It’s common to be asked a question like “what’s the hardest bug you’ve debugged?” at job interviews in tech. This post is about the bug I usually describe. The snag is that it’s quite involved and I don’t actually understand it all the way through – there are one or two aspects to it I often hand-wavingly gloss over. The hope was that by writing it out and fact checking it I’d have a better handle on it; this is what came out.
This came up during my first internship at Google in 2012. I was on a team in Ads, but I was mostly working on Google Web Toolkit, which was what many Ads applications were written in. My project was to add support in the GWT compiler for measuring code coverage from browser automation tests using WebDriver. This has nothing to with the bug except that it also involved coverage runs and because I had been messing with coverage stuff I’d been cc’d on the bug tracker and decided to look into it.
The bug manifested like this. There was a team in Ads that had a GWT application and a whole bunch of tests written against it. A single one of these tests had a strange property: it would pass during regular test runs, but it would fail during coverage runs. (In particular, there was an automatic nightly coverage run which always showed up as failing because of this.)
So this was weird – why would running a test for coverage change its outcome?
I don’t remember what the test was actually testing, but modulo identifiers the relevant bit looked something like this:
1 2 3 4 5
ImmutableSet refers to this Guava collection, and
Option is some
enum defined by the application. In Java, all enums are automatically equipped with a
values() method, which returns an array of all the values on that enum, and so
the intent here is to build a set containing all the enum values and compare that against
the set built up by the test’s setup logic.

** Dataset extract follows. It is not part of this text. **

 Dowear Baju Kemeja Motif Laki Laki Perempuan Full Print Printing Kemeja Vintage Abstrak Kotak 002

Digging through the error logs of the coverage run, the error looked liked this:
If you’re a Java person, the problem is fairly obvious; the thing on the left (corresponding to the first argument
assertEquals) is an
ImmutableSet<Option> containing the result of calling
instead of an
ImmutableSet<Option> containing a copy of the array. If you look at the docs linked above,
you’ll notice that
ImmutableSet doesn’t actually have
of(E) method, which means that it wouldn’t copy the contents of the array. Instead the type inference
comes up with
ImmutableSet<Option> and the method called is the
of(E) method where
E = Option.
So the fix was to use
copyOf instead of
of, and that’s that. But now it seemed like the test shouldn’t have
been passing in the first place, even during regular runs, since it was relying on this non-existent
that copies arrays. So what was going on really?

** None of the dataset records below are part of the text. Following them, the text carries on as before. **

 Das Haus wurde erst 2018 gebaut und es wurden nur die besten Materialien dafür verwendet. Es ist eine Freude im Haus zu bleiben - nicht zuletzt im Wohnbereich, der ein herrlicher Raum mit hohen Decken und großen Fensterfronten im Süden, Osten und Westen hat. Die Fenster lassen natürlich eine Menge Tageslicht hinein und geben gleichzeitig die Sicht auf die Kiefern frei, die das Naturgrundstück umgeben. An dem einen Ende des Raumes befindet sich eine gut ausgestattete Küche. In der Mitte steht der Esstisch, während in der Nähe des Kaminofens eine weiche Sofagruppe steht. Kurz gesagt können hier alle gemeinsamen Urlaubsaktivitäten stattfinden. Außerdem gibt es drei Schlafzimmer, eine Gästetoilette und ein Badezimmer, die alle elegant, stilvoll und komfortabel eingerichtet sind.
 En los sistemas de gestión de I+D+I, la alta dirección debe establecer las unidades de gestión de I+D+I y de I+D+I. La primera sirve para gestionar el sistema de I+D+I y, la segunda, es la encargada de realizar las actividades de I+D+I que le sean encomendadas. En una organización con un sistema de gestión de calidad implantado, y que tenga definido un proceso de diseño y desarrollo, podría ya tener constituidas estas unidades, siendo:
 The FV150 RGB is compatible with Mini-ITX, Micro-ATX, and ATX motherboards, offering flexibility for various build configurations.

Since the compiler takes in Java source code, it can’t deal with native methods, which are common in the standard
library classes. It can also be useful to reimplement standard classes in such a way as to take advantage of
Array, for instance.
Given this, GWT has a notion of emulated classes; classes are reimplemented in GWT-friendly Java,
a special directive can be passed to the GWT compiler to let it find the emulated source,
GWT includes emulated versions of a subset of the standard library, and the abovementioned directive
is also available for applications or other libraries to use.
As it happens, one of these libraries was Guava – several Guava collections, including
emulated versions for use by GWT applications.

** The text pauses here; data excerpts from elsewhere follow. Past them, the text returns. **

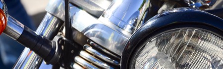 Close up fragment of chromed shiny lamp of old classic motorbike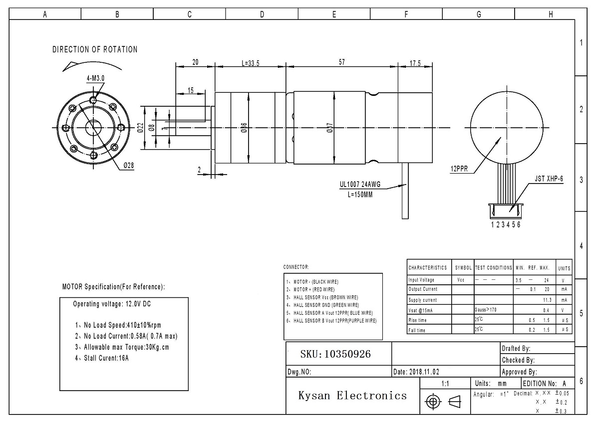 Decsription: AX36-12V400RPM-E2C12P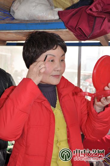 在舞臺旁邊一個狹窄的售貨亭里,60多歲的朱瑞雪女士正在仔仔細細地化妝。從40多歲開始業余學唱京劇,如今已唱了15年了。等在一旁專門為她伴琴師也已滿頭白發。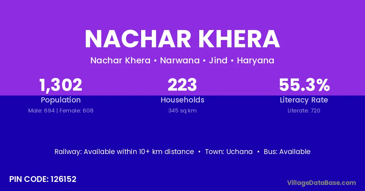 Nachar Khera village has a total population of 1,302 people, of which 694 are males and 608 are females.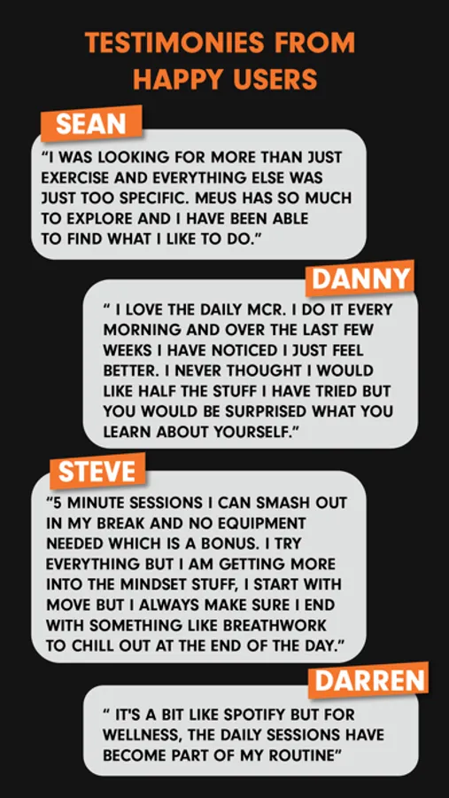 MEUS is a discovery platform built around 5 minute sessions focusing on your fitness and wellbeing. Each unique practice is fully guided by experts of multiple disciplines creating new ways to move, connect & reflect.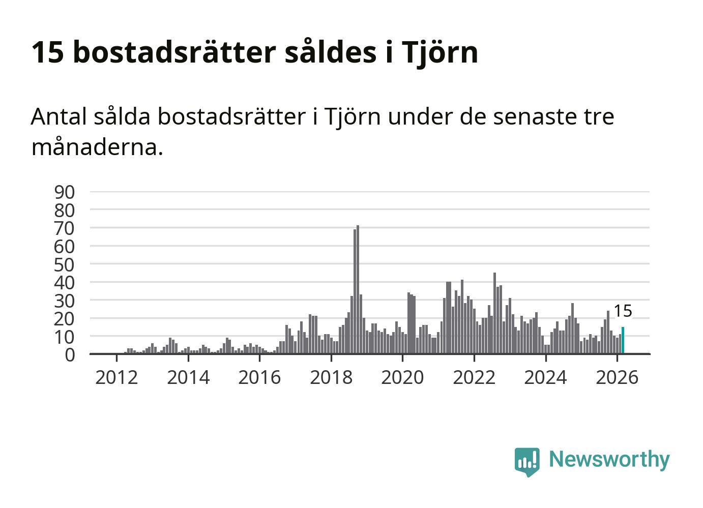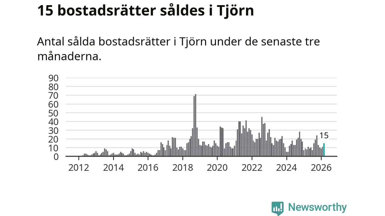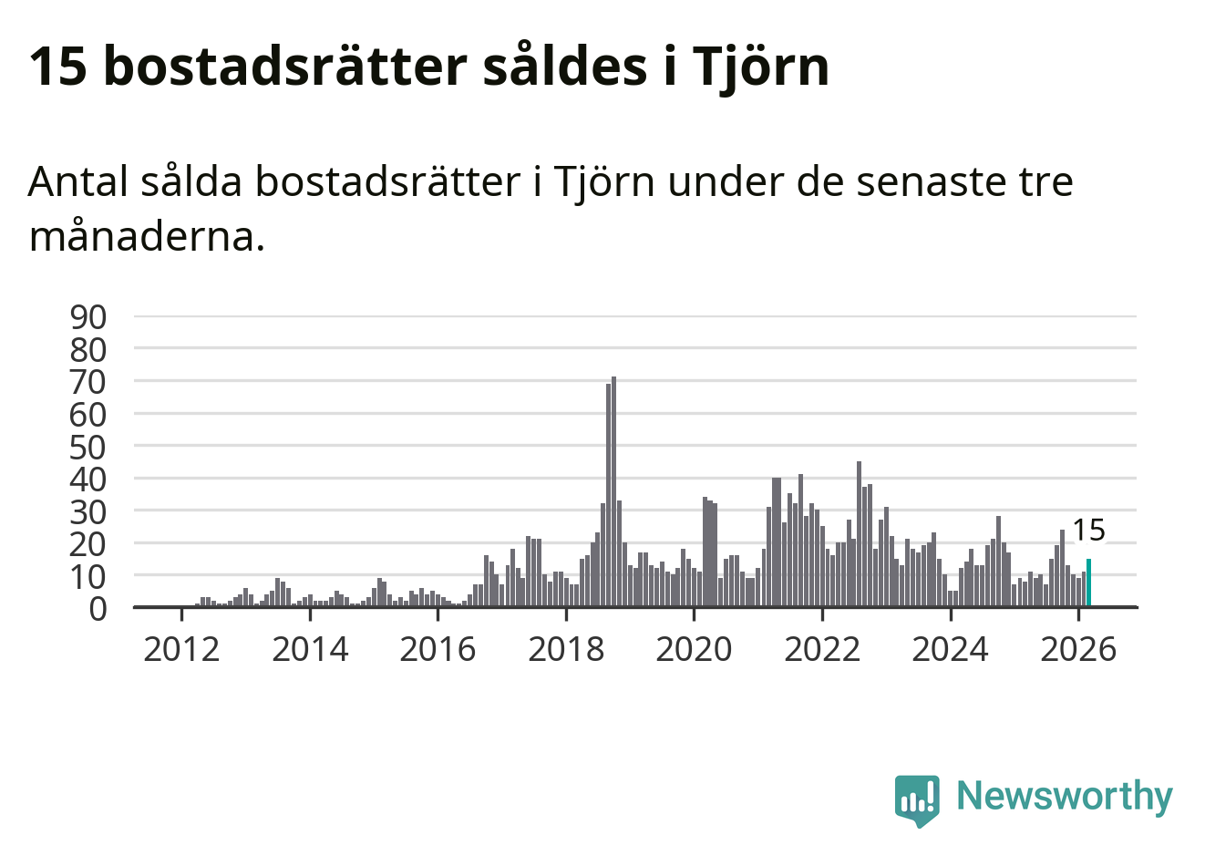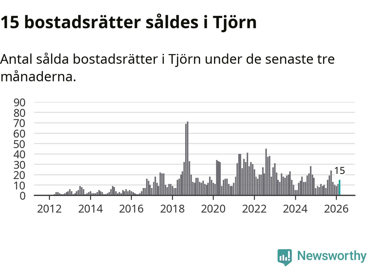 Mellan januari och mars gjordes sammanlagt 15 affärer med bostadsrätter i Tjörns kommun. Det kan jämföras med åtta vid motsvarande tid i fjol.

Switching gears slightly, one of the big selling points of GWT when it came out was that it was compatible with a lot of popular Java tools – you could step through your app using Eclipse’s debugger, run tests with JUnit, and measure code coverage using Emma, a popular open source Java coverage tool.
Now Emma is a coverage tool that works with JVM bytecode – in a manner similar to what I described in my last post, it instruments class files, so that as they run, they create some files containing coverage data, which are later picked up to produce coverage reports. GWT’s Emma support is the aspect of this whole thing that I understand least. (There exists a wiki page with some notes on Emma support, but it’s not very enlightening). It seems that whatever magic GWT needs to perform to play nice with Emma is not done for emulated classes. The only thing I could find related to this is this old thread from the Scala+GWT project, which also isn’t very enlightening, but seems to say that when Emma support was being developed it was decided that emulated classes weren’t worth supporting since, among other things, they weren’t used much. In any case, this means that for coverage runs, not only does the code run as Java in a JVM, but it runs against the “real” versions of classes.
The final piece of the puzzle is that this mystery
ImmutableSet.of(E) method used to exist; you can browse
an old version of the docs to see it. It was deprecated for a long time and eventually removed.
However, for whatever reason, the GWT-emulated version was not kept in sync with these changes. So the GWT-emulated
version still had that method, and this was why the regular test run, which ran against the emulated classes, passed.
The coverage run, which ran against the “real” Guava, failed.